YOUR TASK — Pictures aside, repeat every entry exactly.

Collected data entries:
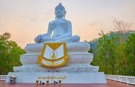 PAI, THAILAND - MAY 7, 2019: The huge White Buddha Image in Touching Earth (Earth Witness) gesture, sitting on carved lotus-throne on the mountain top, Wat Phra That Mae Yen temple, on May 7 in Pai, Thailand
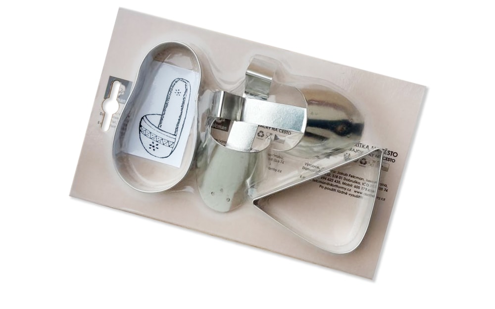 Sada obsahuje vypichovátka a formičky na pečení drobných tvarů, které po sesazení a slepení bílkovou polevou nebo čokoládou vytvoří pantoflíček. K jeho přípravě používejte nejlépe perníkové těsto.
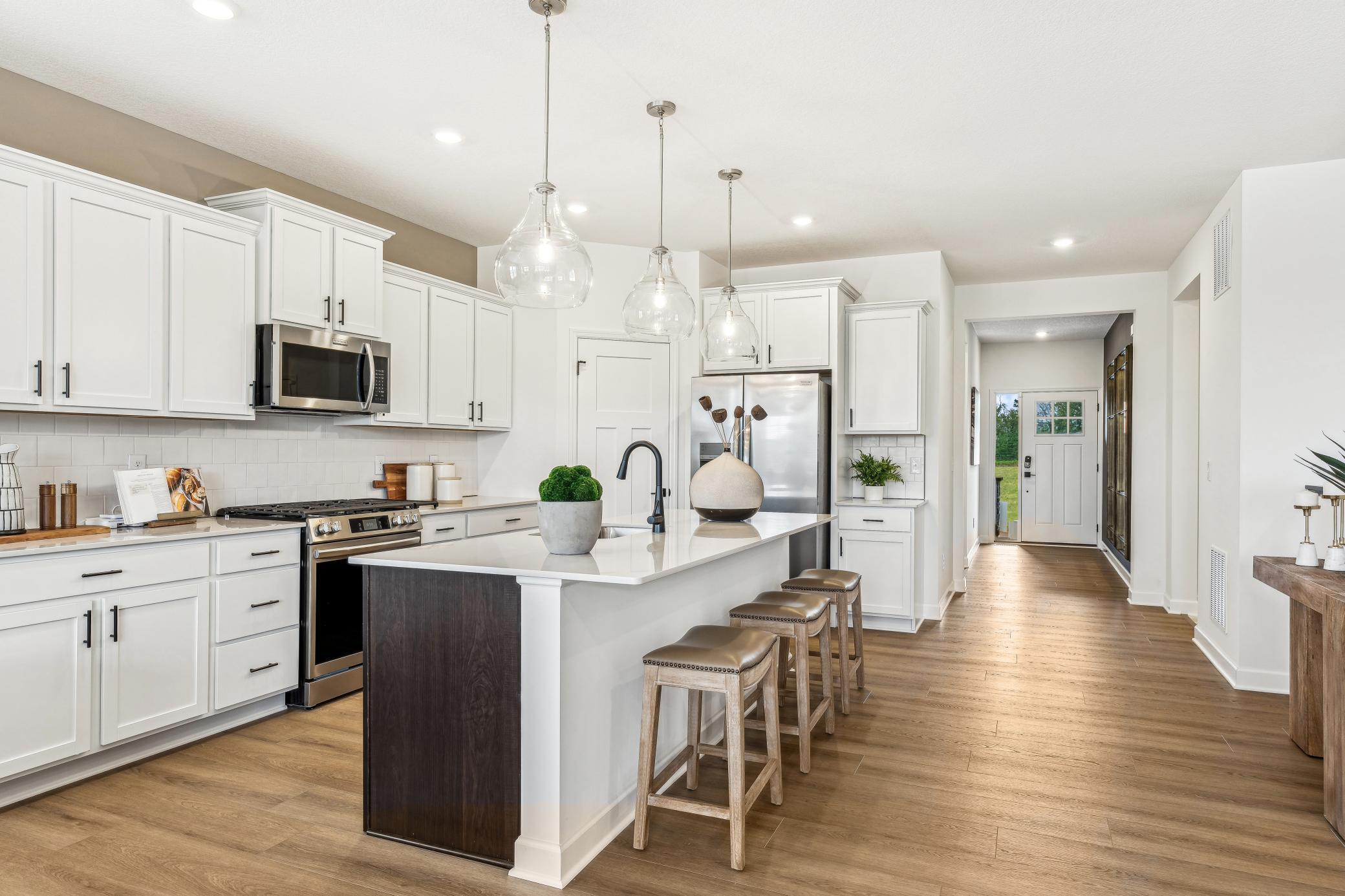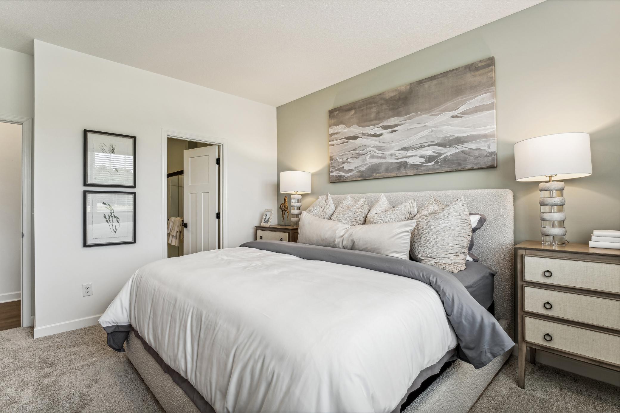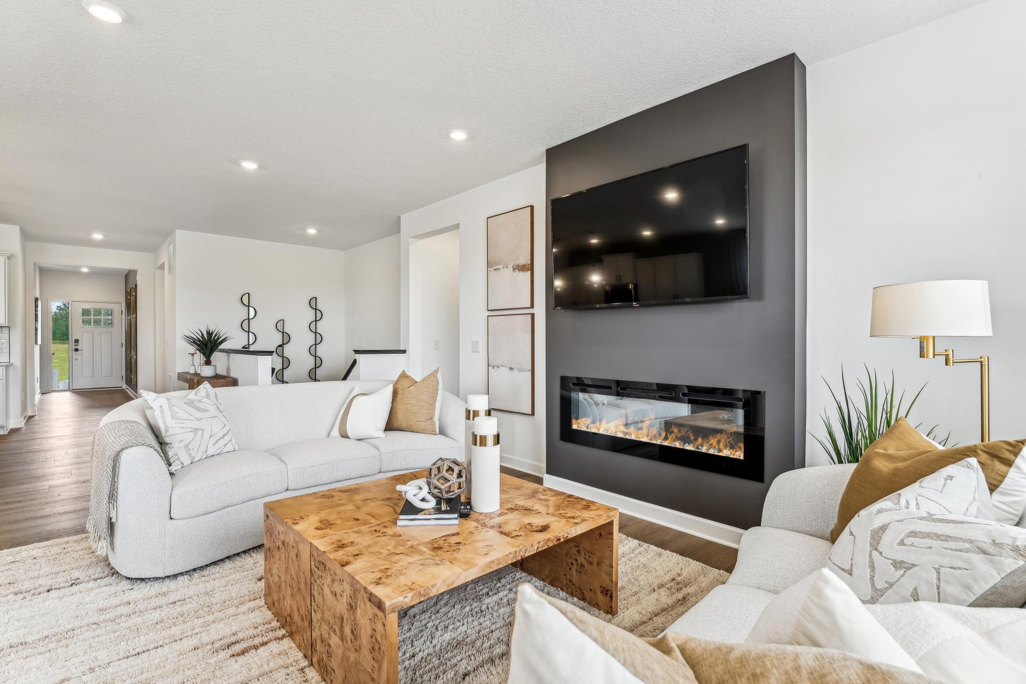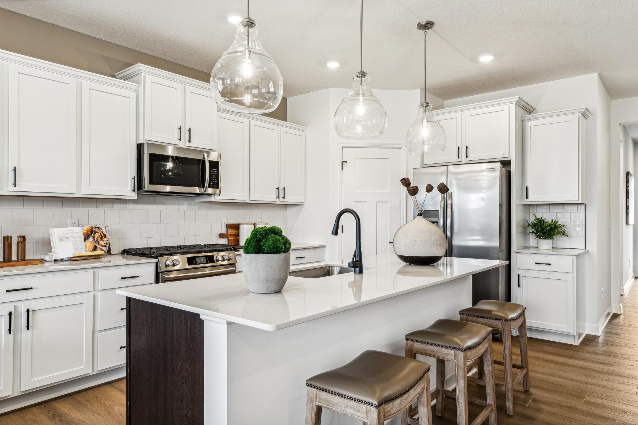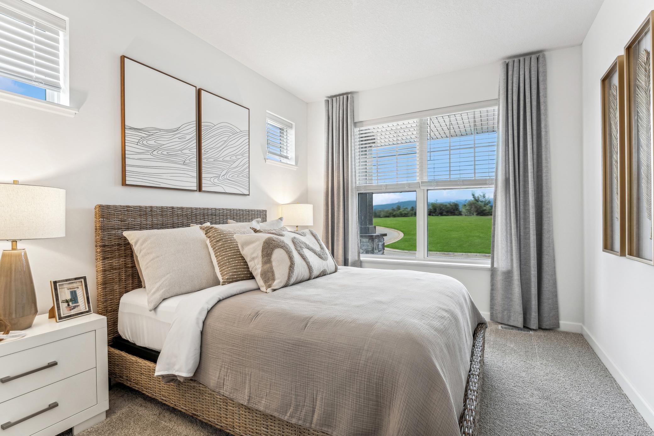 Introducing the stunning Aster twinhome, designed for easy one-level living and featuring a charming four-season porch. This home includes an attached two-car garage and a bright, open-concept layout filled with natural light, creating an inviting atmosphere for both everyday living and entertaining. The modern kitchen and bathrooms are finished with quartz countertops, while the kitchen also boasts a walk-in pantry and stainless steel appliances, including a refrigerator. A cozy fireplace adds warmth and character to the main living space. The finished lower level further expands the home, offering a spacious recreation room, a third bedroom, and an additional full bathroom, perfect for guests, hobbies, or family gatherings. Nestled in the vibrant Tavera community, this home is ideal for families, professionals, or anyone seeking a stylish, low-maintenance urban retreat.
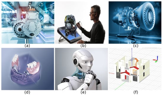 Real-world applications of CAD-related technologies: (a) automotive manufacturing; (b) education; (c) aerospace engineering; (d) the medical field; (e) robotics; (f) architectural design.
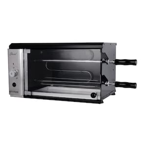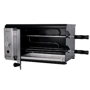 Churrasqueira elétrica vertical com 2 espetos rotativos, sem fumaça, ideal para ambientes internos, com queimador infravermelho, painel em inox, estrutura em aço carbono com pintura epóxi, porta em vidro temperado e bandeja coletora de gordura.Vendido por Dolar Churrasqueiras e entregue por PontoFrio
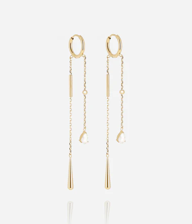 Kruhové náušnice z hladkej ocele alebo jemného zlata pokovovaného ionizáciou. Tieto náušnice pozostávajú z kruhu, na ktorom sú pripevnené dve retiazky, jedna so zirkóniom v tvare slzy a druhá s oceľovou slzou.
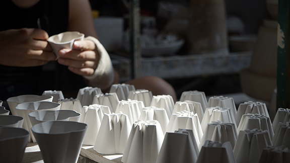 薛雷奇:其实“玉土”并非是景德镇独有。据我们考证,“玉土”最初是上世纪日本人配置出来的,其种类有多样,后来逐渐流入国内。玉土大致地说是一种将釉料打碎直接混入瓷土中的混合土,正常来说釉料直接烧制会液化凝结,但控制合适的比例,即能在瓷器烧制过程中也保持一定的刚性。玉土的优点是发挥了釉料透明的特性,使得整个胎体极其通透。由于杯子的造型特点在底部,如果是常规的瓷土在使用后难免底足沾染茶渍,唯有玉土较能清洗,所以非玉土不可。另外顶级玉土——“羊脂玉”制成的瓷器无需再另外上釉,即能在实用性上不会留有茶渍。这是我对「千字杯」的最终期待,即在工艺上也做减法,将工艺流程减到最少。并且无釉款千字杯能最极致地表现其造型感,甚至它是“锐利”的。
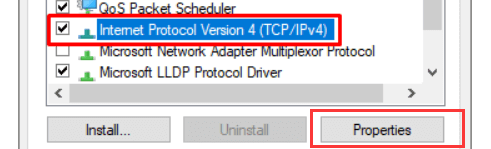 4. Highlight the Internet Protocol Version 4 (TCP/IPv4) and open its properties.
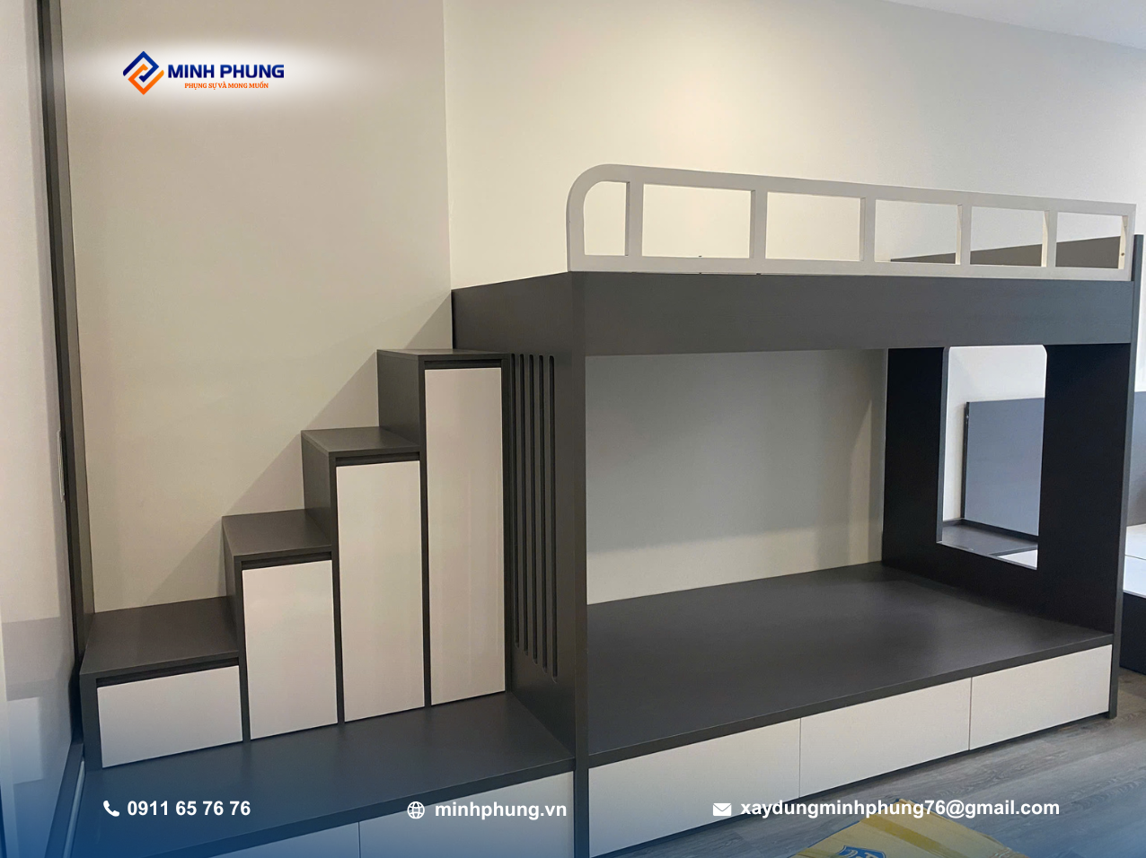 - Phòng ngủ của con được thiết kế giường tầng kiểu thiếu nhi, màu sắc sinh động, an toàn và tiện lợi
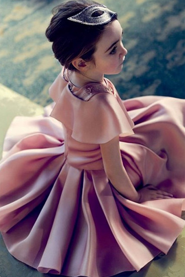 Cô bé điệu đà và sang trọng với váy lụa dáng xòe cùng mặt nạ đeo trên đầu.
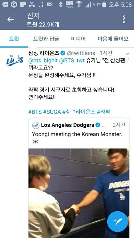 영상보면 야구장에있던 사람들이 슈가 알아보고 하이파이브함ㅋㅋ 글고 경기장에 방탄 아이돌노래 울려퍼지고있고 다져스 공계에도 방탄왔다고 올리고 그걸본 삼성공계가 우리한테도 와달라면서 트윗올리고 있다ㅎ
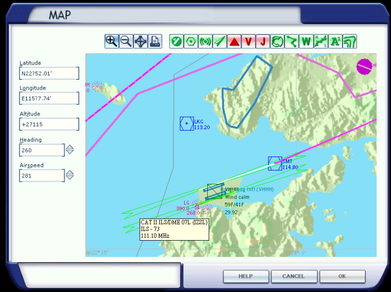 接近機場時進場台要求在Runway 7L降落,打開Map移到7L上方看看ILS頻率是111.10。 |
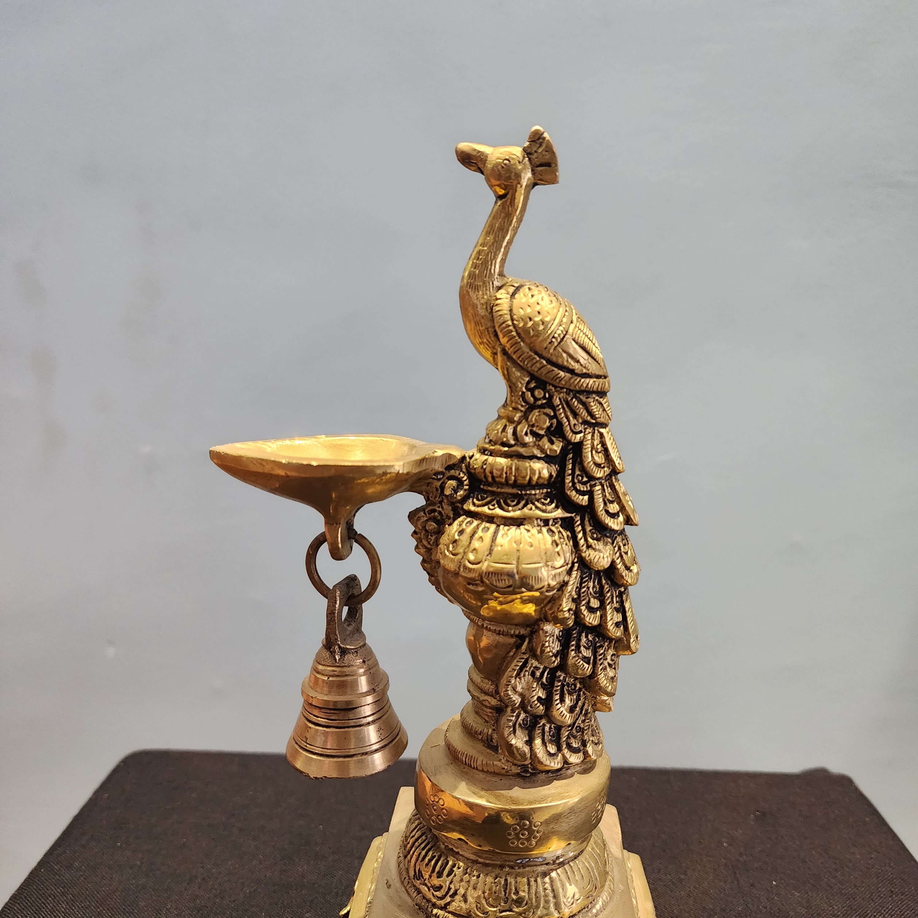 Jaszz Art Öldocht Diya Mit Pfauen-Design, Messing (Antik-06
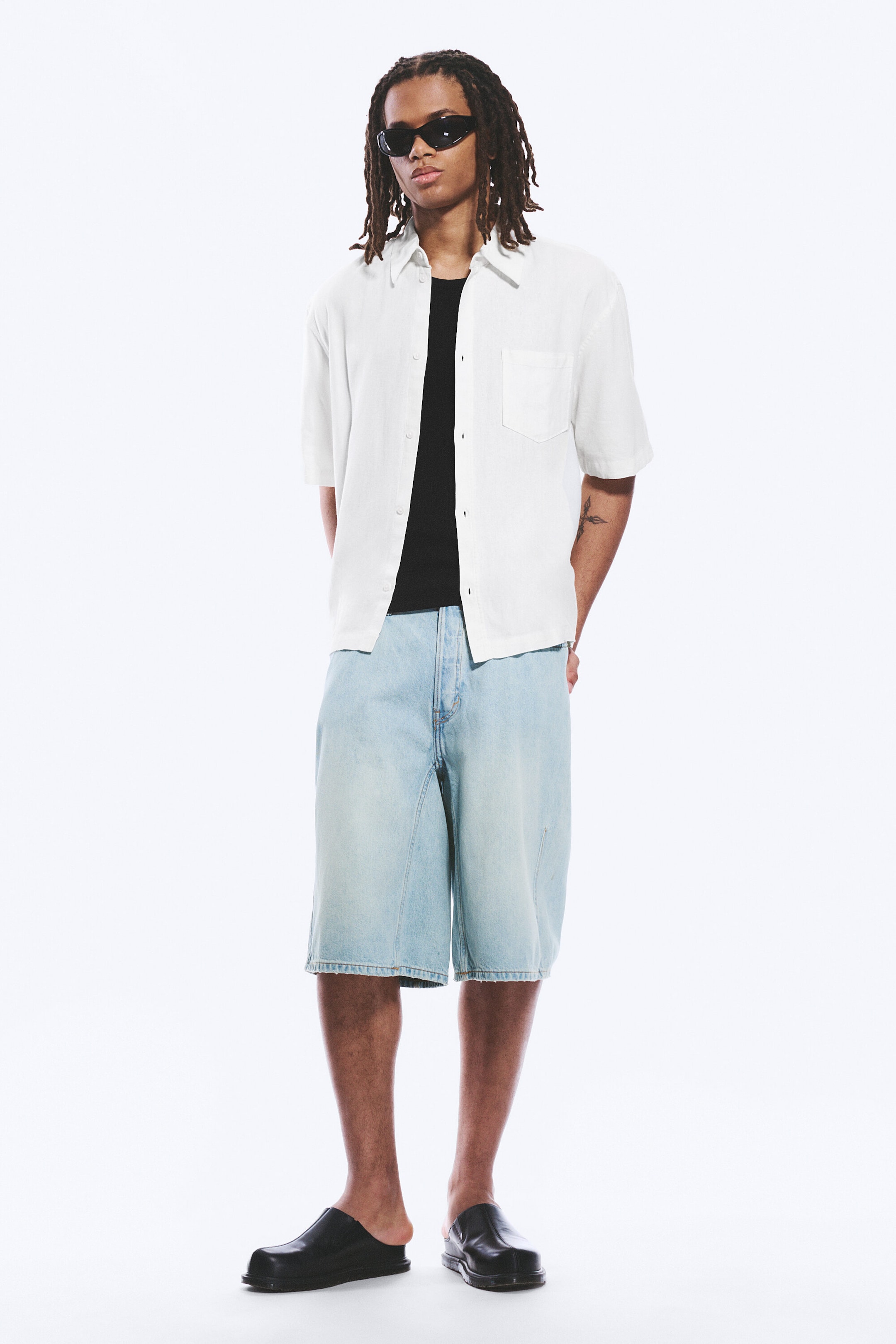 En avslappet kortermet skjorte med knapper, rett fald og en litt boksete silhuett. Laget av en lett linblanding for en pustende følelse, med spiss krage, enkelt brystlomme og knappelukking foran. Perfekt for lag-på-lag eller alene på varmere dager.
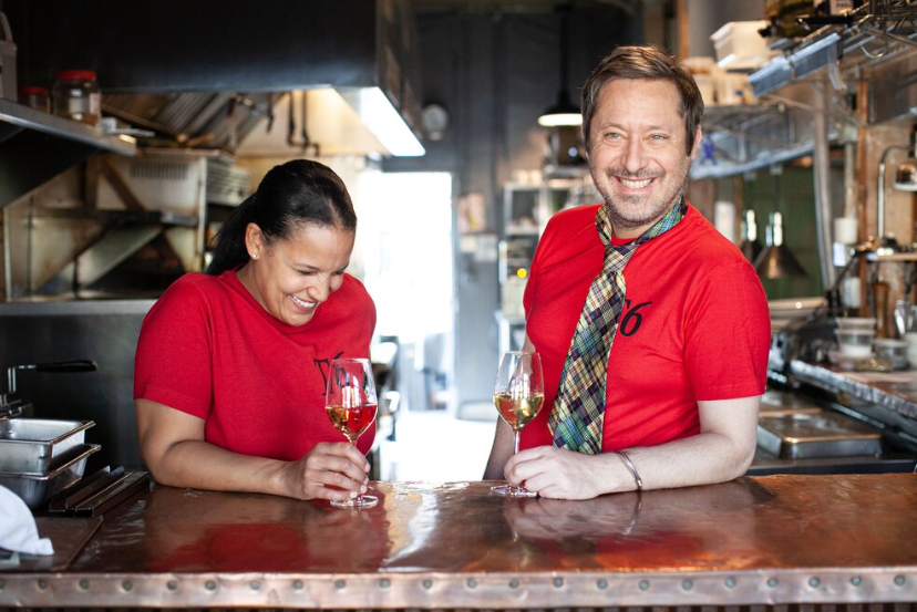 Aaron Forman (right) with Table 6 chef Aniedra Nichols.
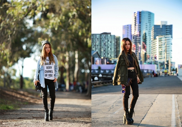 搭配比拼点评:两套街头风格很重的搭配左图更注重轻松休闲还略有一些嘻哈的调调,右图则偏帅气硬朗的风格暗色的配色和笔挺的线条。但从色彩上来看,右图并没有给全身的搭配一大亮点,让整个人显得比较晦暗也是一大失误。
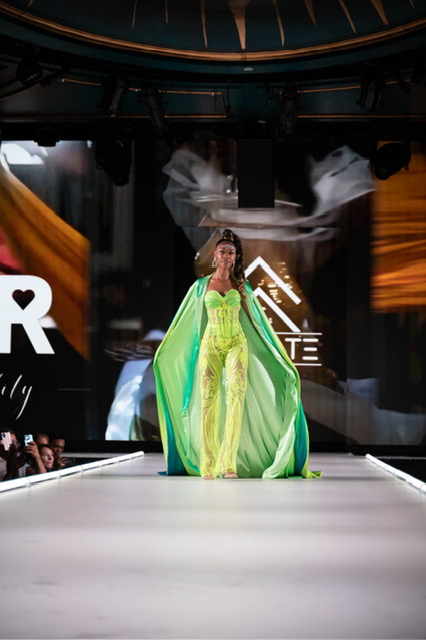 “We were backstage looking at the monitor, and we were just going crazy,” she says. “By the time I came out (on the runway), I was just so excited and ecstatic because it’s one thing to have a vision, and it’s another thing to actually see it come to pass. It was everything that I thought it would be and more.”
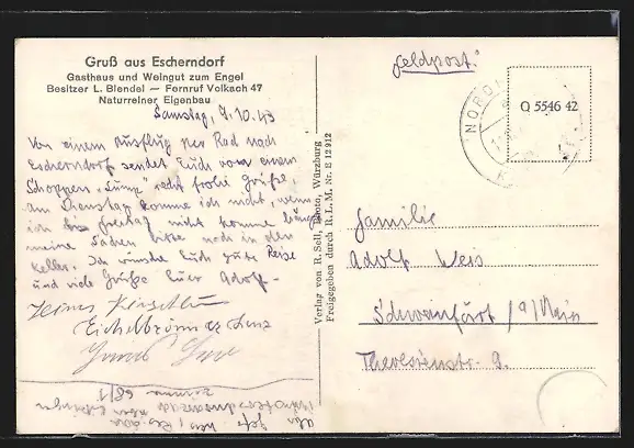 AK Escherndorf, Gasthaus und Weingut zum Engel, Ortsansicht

WRITTEN SOLUTION —
 PAI, THAILAND - MAY 7, 2019: The huge White Buddha Image in Touching Earth (Earth Witness) gesture, sitting on carved lotus-throne on the mountain top, Wat Phra That Mae Yen temple, on May 7 in Pai, Thailand
 Sada obsahuje vypichovátka a formičky na pečení drobných tvarů, které po sesazení a slepení bílkovou polevou nebo čokoládou vytvoří pantoflíček. K jeho přípravě používejte nejlépe perníkové těsto.
 Introducing the stunning Aster twinhome, designed for easy one-level living and featuring a charming four-season porch. This home includes an attached two-car garage and a bright, open-concept layout filled with natural light, creating an inviting atmosphere for both everyday living and entertaining. The modern kitchen and bathrooms are finished with quartz countertops, while the kitchen also boasts a walk-in pantry and stainless steel appliances, including a refrigerator. A cozy fireplace adds warmth and character to the main living space. The finished lower level further expands the home, offering a spacious recreation room, a third bedroom, and an additional full bathroom, perfect for guests, hobbies, or family gatherings. Nestled in the vibrant Tavera community, this home is ideal for families, professionals, or anyone seeking a stylish, low-maintenance urban retreat.
 Real-world applications of CAD-related technologies: (a) automotive manufacturing; (b) education; (c) aerospace engineering; (d) the medical field; (e) robotics; (f) architectural design.
 Churrasqueira elétrica vertical com 2 espetos rotativos, sem fumaça, ideal para ambientes internos, com queimador infravermelho, painel em inox, estrutura em aço carbono com pintura epóxi, porta em vidro temperado e bandeja coletora de gordura.Vendido por Dolar Churrasqueiras e entregue por PontoFrio
 Kruhové náušnice z hladkej ocele alebo jemného zlata pokovovaného ionizáciou. Tieto náušnice pozostávajú z kruhu, na ktorom sú pripevnené dve retiazky, jedna so zirkóniom v tvare slzy a druhá s oceľovou slzou.
 薛雷奇:其实“玉土”并非是景德镇独有。据我们考证,“玉土”最初是上世纪日本人配置出来的,其种类有多样,后来逐渐流入国内。玉土大致地说是一种将釉料打碎直接混入瓷土中的混合土,正常来说釉料直接烧制会液化凝结,但控制合适的比例,即能在瓷器烧制过程中也保持一定的刚性。玉土的优点是发挥了釉料透明的特性,使得整个胎体极其通透。由于杯子的造型特点在底部,如果是常规的瓷土在使用后难免底足沾染茶渍,唯有玉土较能清洗,所以非玉土不可。另外顶级玉土——“羊脂玉”制成的瓷器无需再另外上釉,即能在实用性上不会留有茶渍。这是我对「千字杯」的最终期待,即在工艺上也做减法,将工艺流程减到最少。并且无釉款千字杯能最极致地表现其造型感,甚至它是“锐利”的。
 4. Highlight the Internet Protocol Version 4 (TCP/IPv4) and open its properties.
 - Phòng ngủ của con được thiết kế giường tầng kiểu thiếu nhi, màu sắc sinh động, an toàn và tiện lợi
 Cô bé điệu đà và sang trọng với váy lụa dáng xòe cùng mặt nạ đeo trên đầu.
 영상보면 야구장에있던 사람들이 슈가 알아보고 하이파이브함ㅋㅋ 글고 경기장에 방탄 아이돌노래 울려퍼지고있고 다져스 공계에도 방탄왔다고 올리고 그걸본 삼성공계가 우리한테도 와달라면서 트윗올리고 있다ㅎ
 接近機場時進場台要求在Runway 7L降落,打開Map移到7L上方看看ILS頻率是111.10。 |
 Jaszz Art Öldocht Diya Mit Pfauen-Design, Messing (Antik-06
 En avslappet kortermet skjorte med knapper, rett fald og en litt boksete silhuett. Laget av en lett linblanding for en pustende følelse, med spiss krage, enkelt brystlomme og knappelukking foran. Perfekt for lag-på-lag eller alene på varmere dager.
 Aaron Forman (right) with Table 6 chef Aniedra Nichols.
 搭配比拼点评:两套街头风格很重的搭配左图更注重轻松休闲还略有一些嘻哈的调调,右图则偏帅气硬朗的风格暗色的配色和笔挺的线条。但从色彩上来看,右图并没有给全身的搭配一大亮点,让整个人显得比较晦暗也是一大失误。
 “We were backstage looking at the monitor, and we were just going crazy,” she says. “By the time I came out (on the runway), I was just so excited and ecstatic because it’s one thing to have a vision, and it’s another thing to actually see it come to pass. It was everything that I thought it would be and more.”
 AK Escherndorf, Gasthaus und Weingut zum Engel, Ortsansicht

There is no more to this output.